Pour M. Diallo, chef de village dans la région de Dioïla, le mariage consanguin était également perçu comme un moyen de protéger les biens et les terres de la famille. « En unissant nos enfants au sein de la famille élargie, nous assurions la pérennité de notre patrimoine et de nos richesses. C’était une pratique essentielle pour maintenir notre unité et notre prospérité », développe-t-il.

Sujet à controverse

Cependant, avec l’évolution des mentalités et l’influence croissante des normes occidentales, cette pratique semble être devenue controversée.

Selon certaines études, la pratique du mariage consanguin peut entraîner des risques liés à la santé des enfants issus de ces unions, en raison de la consanguinité génétique. Aussi, ces enfants nés de parents consanguins pourraient avoir un risque plus élevé de développer des maladies héréditaires telles que la drépanocytose, le syndrome de Marfan ou d’autres maladies génétiques graves.

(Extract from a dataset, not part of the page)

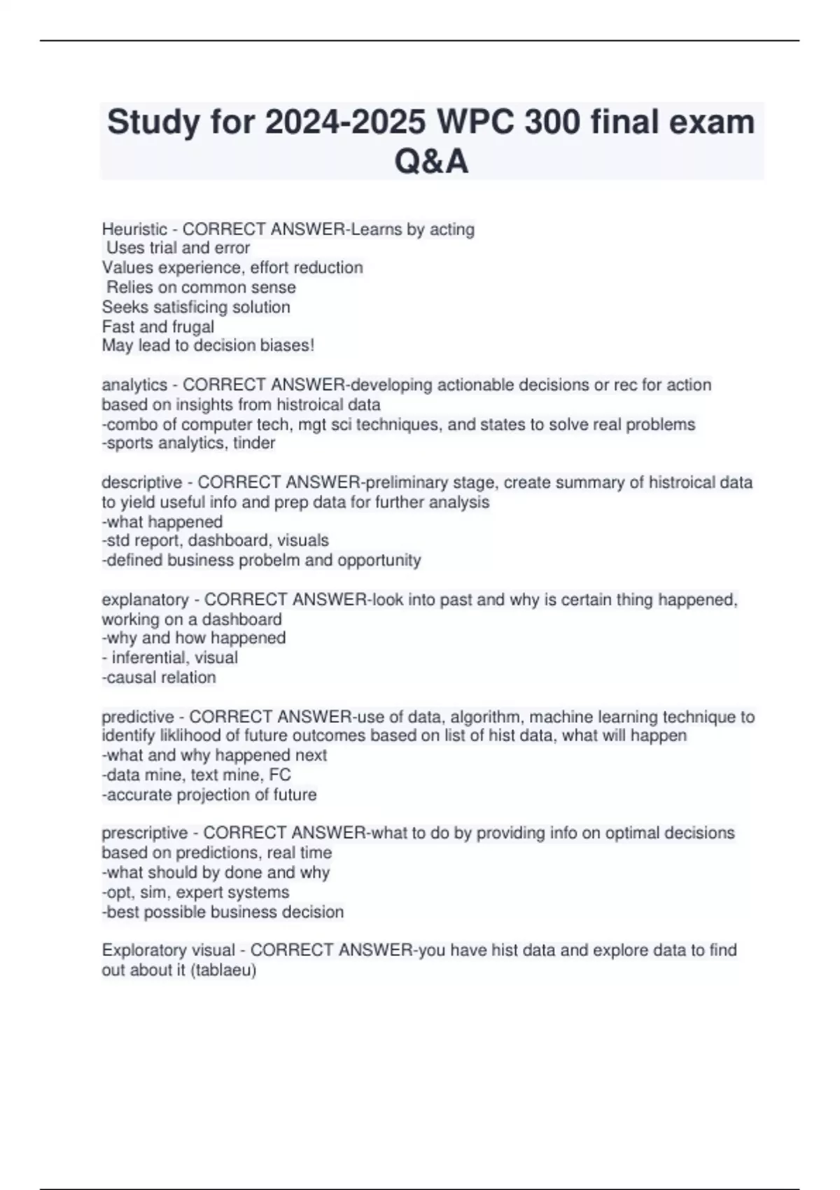 Study for WPC 300 final exam Q&A Heuristic - CORRECT ANSWER-Learns by acting Uses trial and error Values experience, effort reduction Relies on common sense Seeks satisficing solution Fast and frugal May lead to decision biases! analytics - CORRECT ANSWER-developing actionable decisions or rec for action based on insights from histroical data -combo of computer tech, mgt sci techniques, and states to solve real problems -sports analytics, tinder descriptive - CORRECT ANSWER-preliminary stage, create summary of histroical data to yield useful info and prep data for further analysis -what happened -std report, dashboard, visuals -defined business probelm and opportunity explanatory - CORRECT ANSWER-look into past and why is certain thing happened, working on a dashboard -why and how happened - inferential, visual -causal relation predictive - CORRECT ANSWER-use of data, algorithm, machine learning technique to identify liklihood of future outcomes based on list of hist data, what will happen -what and why happened next -data mine, text mine, FC -accurate projection of future prescriptive - CORRECT ANSWER-what to do by providing info on optimal decisions based on predictions, real time -what should by done and why -opt, sim, expert systems -best possible business decision Exploratory visual - CORRECT ANSWER-you have hist data and explore data to find out about it (tablaeu) confirmatory visual - CORRECT ANSWER-expect correlation and look at visual to confirm production visual - CORRECT ANSWER-know to look for because understand problem, usually used to find problems -dashboard spatial data visual - CORRECT ANSWER-color coded map dynamic visual - CORRECT ANSWER-graph video shows data changes through the years Tufte's principles of data visualization - CORRECT ANSWER--The chart should tell a story -The chart should have graphical integrity -The chart should minimize graphical complexity Lie Factor - CORRECT ANSWER-size of effect shown in graphic / size of effect in data should roughly equal 1 Lie Factor 1: Understated effect Lie Factor 1: Exaggerated effect Data-ink ratio - CORRECT ANSWER-(data-ink)/(total ink used to print the graphic) should roughly equal 1 DIR ≪ 1, more non-data related info present in chart DIR ≫ 1, less non-data related info present in chart DIR = 1, all ink devoted to present the data in chart chartjunk - CORRECT ANSWER-any unnecessary information or feature in a graph that detracts from a viewer's ability to understand the data -When the data-ink ratio is low, chartjunk is likely to

De plus, certains mouvements féministes et défenseurs des droits de l’homme dénoncent le mariage consanguin comme une forme d’abus de pouvoir et de contrôle social.

En ce qui concerne l’influence de l’européanisation sur nos systèmes de vie au Mali, certains aspects de nos traditions et de nos valeurs culturelles ont été remis en question. La modernité et la globalisation ont sans aucun doute introduit de nouvelles normes et pratiques sociales, qui peuvent parfois se heurter aux traditions ancestrales.

Conduire à la boucherie

Par ailleurs, tout en proposant de « sensibiliser la jeune génération, en leur montrant que ces mariages-là n’étaient pas faits à tout hasard », Dr Traoré affirme que « l’européanisation ne fait que nous conduire à la boucherie d’autant plus qu’elle ne colle pas avec nos réalités, encore moins avec nos conditions de vie sociale ».

Cependant, il est essentiel de trouver un juste équilibre entre l’ouverture aux influences extérieures et le respect de nos valeurs et de notre identité culturelle. À cet effet, les autorités et les leaders communautaires doivent travailler de concert pour préserver ce qui fait la richesse de notre société tout en favorisant le progrès et le bien-être de tous.

Face à ces enjeux cruciaux, des efforts doivent être également déployés pour sensibiliser les populations aux dangers des mariages consanguins et pour promouvoir des unions plus diversifiées. Des organisations non gouvernementales, des associations de santé et des leaders religieux doivent travailler ensemble pour informer les communautés sur les risques associés à cette pratique et pour encourager des pratiques matrimoniales plus sécuritaires et éclairées.